EP by Sloan
- Released: November 24, 2009
- Genre: Alternative rock, power pop
- Label: Murderecords

Sloan chronology
| Parallel Play (2008) | Hit & Run (2009) | The Double Cross (2011) |

= Hit & Run (EP) =

Hit & Run is a 2009 EP by Canadian power pop quartet Sloan.

==Recording and release==
The album was recorded in the summer of 2009, with the majority being completed before Chris Murphy's involvement in an actual hit and run collision in July, after which the EP is named. The EP was released on Sloan's own Murderecords label, in a digital download-only format.

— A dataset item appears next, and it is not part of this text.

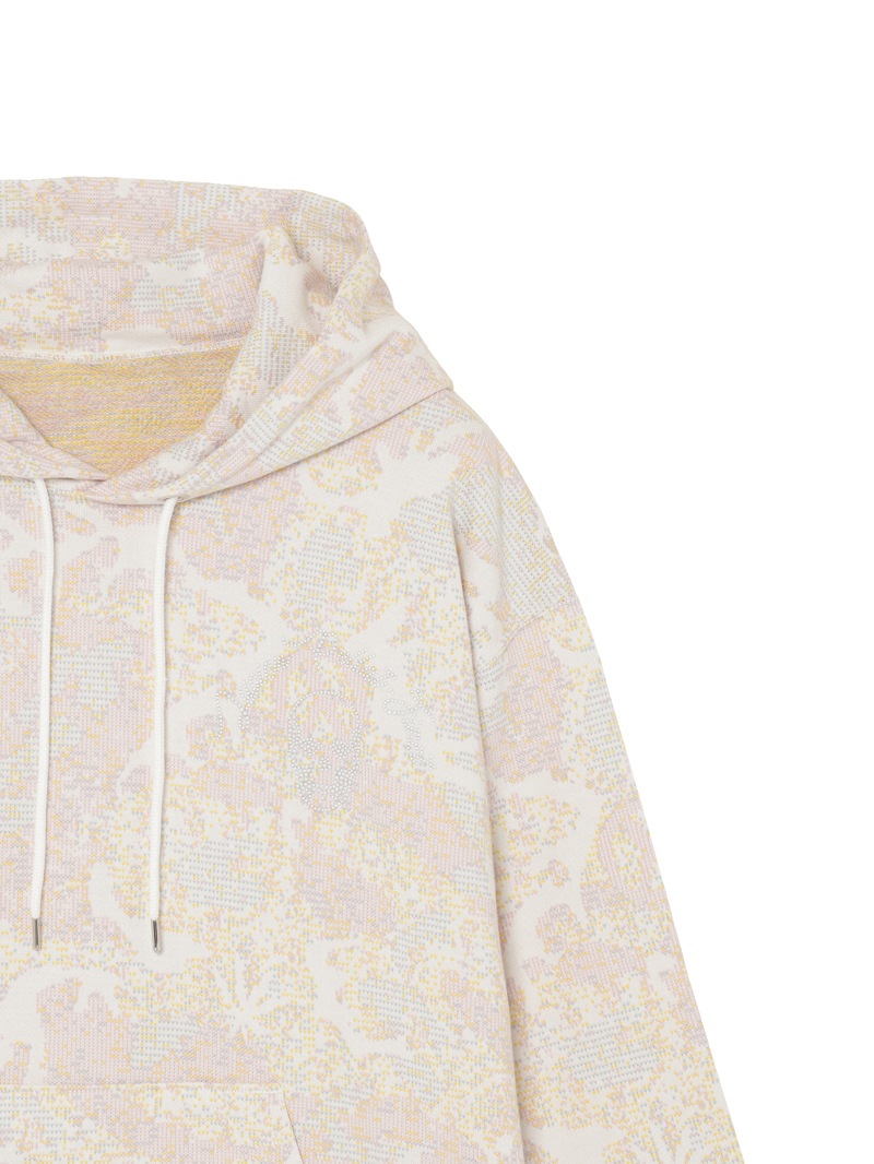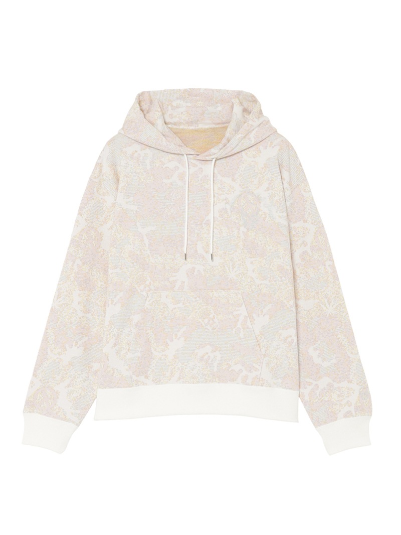 特殊な編み機を使用しスカル・リーフ・ピース&カモフラージュ柄を表現した素材のフーディ―。左胸にスカル&LPFロゴを配置し、背中にはアウトラインスカルをデザイン。ループ面の太番を表に出すことでグランドの細かい目との差で凹凸感がでて、立体的に表現。裏糸で柄を表現する特殊な組織を実現したもの。爽やかなカラーリングのカモフラージュ柄。

On September 29, prior to the EP's release in November, the single "Take It Upon Yourself" was released as a free digital download to subscribers of Sloan's fan mailing list. In November 2018 - nine years after its digital release - Sloan announced they would be pressing and selling the EP on vinyl.

==Track list==
1. "Take It Upon Yourself" - 2:34 (Murphy)
2. "Midnight Mass" - 2:10 (Ferguson)
3. "Is It Never" - 3:12 (Pentland)
4. "Where Are You Now?" - 2:02 (Scott)
5. "Oh Dear Diary" - 3:15 (Murphy)
6. "Get Out of Bed" - 2:45 (Scott) (iTunes/streaming bonus track)

==Reception==
Andrew Scott's track "Where Are You Now?", described as "garage rockin'" and "full of crotch-rock swagger and shouts", reached the number one spot on the February 20 edition of CBC Radio 3's in-house R3-30 chart. The song spent a total of five weeks on the chart, having debuted on, "for the first time in R3-30 history", the unbroadcasted previous edition.